The rain days coefficients of correlation for Haramaya–Dire Dawa and Haramaya–Gursum are both 0.75 with the relative distance of 25, 89 km and elevation difference of 980, 88 m respectively. This shows that the elevation–rainfall relationship is negative and the relative distance between the stations of Haramaya–Gursum is 89 km, which is greater than 80 km. The rain days coefficient of correlation not only depends on the elevation, but the relative distance also has an impact. Generally, for all stations (rainy days elevation) and (rainy days distance) correlation coefficients (r > 0.50), as suggested by Kendall & Gibbons (1990), implied there were high correlations. The rain days not only depend on elevation, but also the relative distance, this was also confirmed by a similar study (Ayoad 1983). However, the correlation coefficient was significant for the elevation-rainfall agreement, as suggested (Oettli & Camberlin 2005).

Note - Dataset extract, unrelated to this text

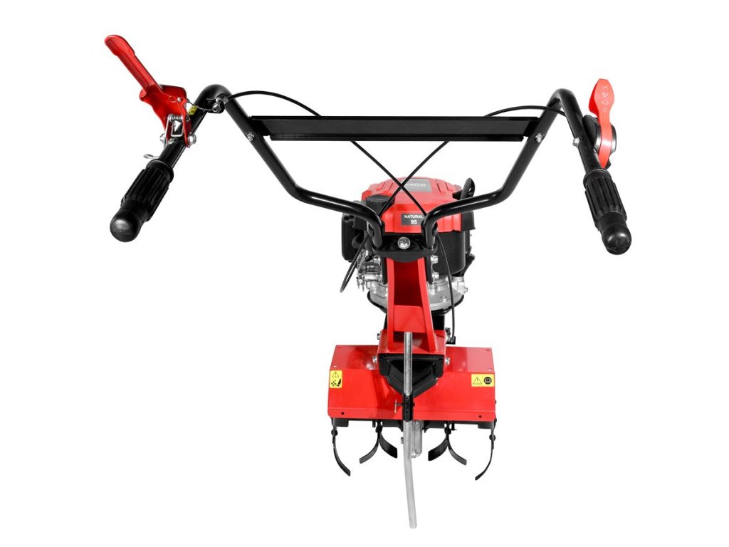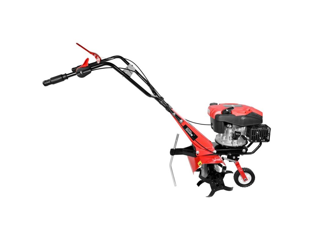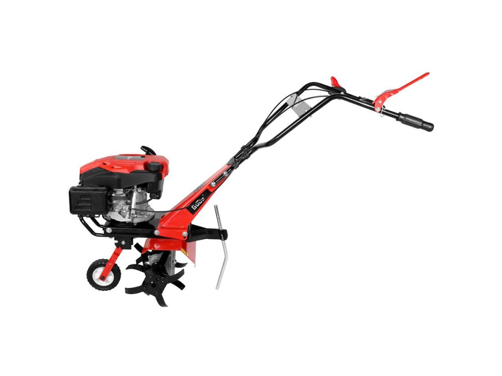 | Vybavení - funkce • zkypřování písčitých (hlinitých) půd • rozmělnění hrud • zapravení kompostu, rašeliny, substrátů, hnojiv atp. • 4 ocelové nože ø 27 cm • 3stupňové nastavení hloubky kultivace 12,5 - 26 cm • jednoválcový 4taktní motor • reverzní startovaccí systém • široká ergonomická řidítka • sklopné transportní kolo

As provided in Table 7, the probability of rain for Haramaya is 31% and that of Harar is 33% with a relative distance from the centroid of the sub-basin of 18 and 21 km, respectively. For Haramaya and Harar, the mean annual rainfall amount correlation coefficient is 0.98, the relative distance is 16 km, and the elevation variation is 48 m, so Haramaya–Harar have good correlation and the relative distance and elevation gap are small. Haramaya–Gursum have an extremely high correlation coefficient (0.97) and Harar–Gursum also have an extremely high correlation (0.95), but the relative distance and elevation difference are 89 km and 88 m and 82 km and 40 m, respectively. The correlation coefficients (r > 0.50) shows the correlations are in good agreement for all stations (Kendall & Gibbons 1990).

Table 7

Correlation coefficients of mean annual rainfall amount, distance, and elevation variance description

 
 

The values are described as correlation coefficients, distance between stations in kilometers, and the elevation difference in meters in the order from left to right. Bold values are the maximum.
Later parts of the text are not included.